Novamente conforme Leite (2017), uma estratégia para contornar as desigualdades no plano das culturas profissionais adotada por algumas jornalistas mulheres é a de “neutralizar” sua expressão de gênero, reservando-a ao universo da intimidade e da subjetividade. Em contrapartida, “os valores profissionais são exaltados por resultarem em maior reconhecimento da profissional, o que conduz as mulheres a reforçarem sua identidade profissional em detrimento da de gênero, que estaria ligada a estereótipos negativos” (LEITE, 2017, p. 62).

Rotinas produtivas

Etnografias em redações, como a empreendida por Silva (2011), já destacaram, na própria elaboração das pautas, a reprodução de um sistema de binarismos de gênero que conduz o newsjudgment dos jornalistas quando realizam a cobertura de determinados acontecimentos sociais. Contudo, o aspecto mais bem documentado que sinaliza para as injustiças sofridas pelas repórteres em suas rotinas produtivas diz respeito às suas relações com as fontes (elemento central da apuração noticiosa). Em nível internacional, 64,8% das mulheres afirmam ter experimentado assédio, intimidações ou ameaças em seu trabalho, tendo os entrevistados como os principais perpetradores (BARTON; STORM, 2014). Em 63,6% dos casos registrados pelo relatório da International Women’s Media Foundation (2014) o assediador tratava-se de um homem. A recorrência dos casos fez com que muitas das participantes do questionário relatassem que o assédio era inevitável em sua rotina de trabalho.

Já no que tange à violência sexual, o mesmo estudo aponta que 14,3% das respondentes sofreram agressão dessa natureza no exercício de suas atividades (variando da exibição de órgãos genitais por parte do entrevistado ao estupro propriamente dito). Em 95,6% dos casos em que o gênero do agressor foi mencionado, tratava-se mais uma vez do masculino (BARTON; STORM, 2014). Os resultados em espectro global são corroborados em nível nacional: das 535 mulheres jornalistas que responderam o levantamento “Desigualdade de Gênero no Jornalismo” (SJPDF), 47,5% alegaram já terem sofrido violência de gênero em coberturas jornalísticas, e 78,5% informaram terem sido vítimas de atitudes machistas de entrevistados.

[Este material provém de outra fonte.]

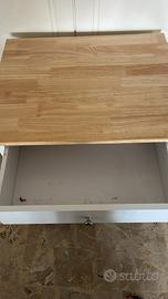 Carrello da cucina con un design moderno e funzionale. L’interno del cassetto presenta sgraffi dovuti all’utilizzo - Piano in legno. - Ante con pannelli in vetro. - Maniglie argentate. Altezza cm 85 Lunghezza cm 68 Profondità cm 48 RITIRO A MANO
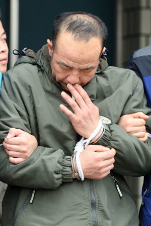 경기 수원시 20대 여성 피살사건의 범인 오원춘 씨가 10일 오전 고개를 숙인 채 수원중부경찰서를 나서 검찰로 송치되고 있다.

Como pontuado por Leite (2017), ao entrevistar autoridades públicas, as mulheres jornalistas são desqualificadas, ouvem piadas machistas, são enquadradas em estereótipos de gênero, e, por vezes, precisam ocultar seus atributos físicos para serem respeitadas. Segundo diagnóstico do documento Violence and harrassment against women in the news media: a global picture (2014), repórteres assediadas pelas fontes frisam que a prática é corriqueira no contato com membros de instituições públicas, e variam do desrespeito e da intimidação verbal às ameaças de encarceramento, difamação, chantagem, vigilância forçada e sequestro de familiares. Cabe ressaltar que o assédio experimentado por mulheres jornalistas no contato com fontes não se restringe à relação com autoridades públicas, e pode ser estendido a figuras dotadas de poder simbólico e financeiro em geral, como celebridades e empresários.

No intuito de evitarem assédios que podem ocorrer de maneira sutil ou explícita, algumas jornalistas optam por manterem uma distância de campos sociais nos quais a prática é recorrente (como o campo político, o esportivo, o policial etc.), com o ônus de se verem frequentemente apartadas da cobertura noticiosa nesses espaços (NEVEU, 2000; DAMIAN-GAILLARD; SAITTA, 2016), algo que pode acontecer também por determinação da chefia: 70,7% das entrevistadas pela enquete realizada em 2016 pelo SJPDF alegaram já terem sido dispensadas pelos seus superiores de determinadas pautas por serem mulheres.

Essa precaução, acompanhada de severa restrição à autonomia profissional, é também corriqueira na cobertura de acontecimentos sociais que mobilizam grandes aglomerações (como protestos ou passeatas), bem como em zonas de conflito bélico. O relatório da International Women’s Media Foundation (2014) acentua que mais de um terço das jornalistas (38,7%) que foram vítimas de violência sexual sofreram a agressão em espaços públicos, ao passo que 21,6% foram fisicamente atacadas no trabalho. Desse percentual, 45,5% alegaram terem sido agredidas por estranhos em zonas urbanas. Dos incidentes em que o gênero do perpetrador foi identificado, em 77,2% dos casos tratava-se de um homem. O relatório ainda destaca que muitas das profissionais vítimas de violência durante coberturas jornalísticas passaram a evitar noticiar acontecimentos que poderiam lhes oferecer riscos similares ou adotaram medidas adicionais para garantir sua segurança, enquanto outras foram desencorajadas por seus colegas e superiores a prosseguirem escrevendo sobre esses temas (BARTON; STORM, 2014).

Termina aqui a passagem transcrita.